> [Task description]: All the data below goes into the copy word for word, but the pictures don't.

> [Dataset extract]:
┌────────
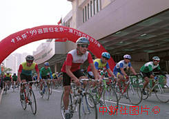 中旅杯99'迎回歸北京-澳門(mén)自行車(chē)?yán)愂迦赵诎拈T(mén)展開(kāi)決逐,騎手們奮勇?tīng)?zhēng)先,志在奪標(biāo)。 中新社傳真 毛建軍攝
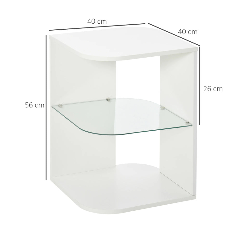 HOMCOM Modern Side Table Three Layer Bedside Table Nightstand with 2 Storage Shelves, for Living room, Bedroom, White
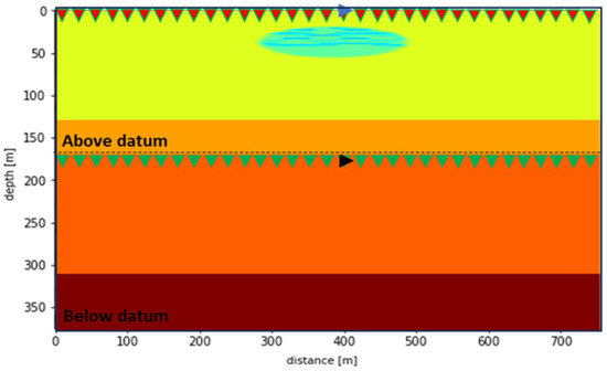 An illustration shows the model is divided into segments above and below the datum. The original source locations (blue) and receivers (red) are positioned at the surface. These are subsequently virtually shifted to the datum level (indicated by the black dotted line), represented by black (source) and green (receivers) points.
└────────
> [Reply]:
 中旅杯99'迎回歸北京-澳門(mén)自行車(chē)?yán)愂迦赵诎拈T(mén)展開(kāi)決逐,騎手們奮勇?tīng)?zhēng)先,志在奪標(biāo)。 中新社傳真 毛建軍攝
 HOMCOM Modern Side Table Three Layer Bedside Table Nightstand with 2 Storage Shelves, for Living room, Bedroom, White
 An illustration shows the model is divided into segments above and below the datum. The original source locations (blue) and receivers (red) are positioned at the surface. These are subsequently virtually shifted to the datum level (indicated by the black dotted line), represented by black (source) and green (receivers) points.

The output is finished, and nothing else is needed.